Your assignment
Could you copy exactly the lines below from the one with "In the center" to the one with "西家:岡田紗佳(KADOKAWAサクラナイツ)", inclusive, leaving out any pictures?

Data under study
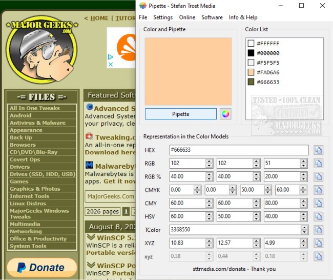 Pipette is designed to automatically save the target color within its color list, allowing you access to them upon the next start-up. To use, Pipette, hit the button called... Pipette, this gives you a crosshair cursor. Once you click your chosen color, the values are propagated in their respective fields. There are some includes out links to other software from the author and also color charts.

---

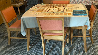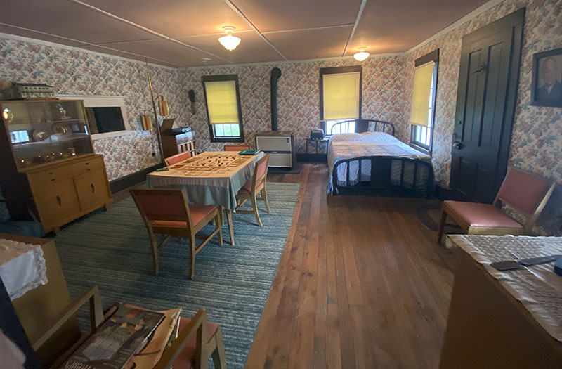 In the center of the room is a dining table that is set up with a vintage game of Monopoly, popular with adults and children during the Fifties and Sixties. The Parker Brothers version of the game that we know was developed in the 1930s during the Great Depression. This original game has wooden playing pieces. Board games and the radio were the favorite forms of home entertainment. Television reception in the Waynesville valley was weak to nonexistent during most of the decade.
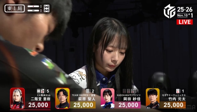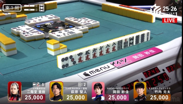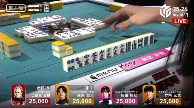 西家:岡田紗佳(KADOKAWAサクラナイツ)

Output of the exercise
 In the center of the room is a dining table that is set up with a vintage game of Monopoly, popular with adults and children during the Fifties and Sixties. The Parker Brothers version of the game that we know was developed in the 1930s during the Great Depression. This original game has wooden playing pieces. Board games and the radio were the favorite forms of home entertainment. Television reception in the Waynesville valley was weak to nonexistent during most of the decade.
 西家:岡田紗佳(KADOKAWAサクラナイツ)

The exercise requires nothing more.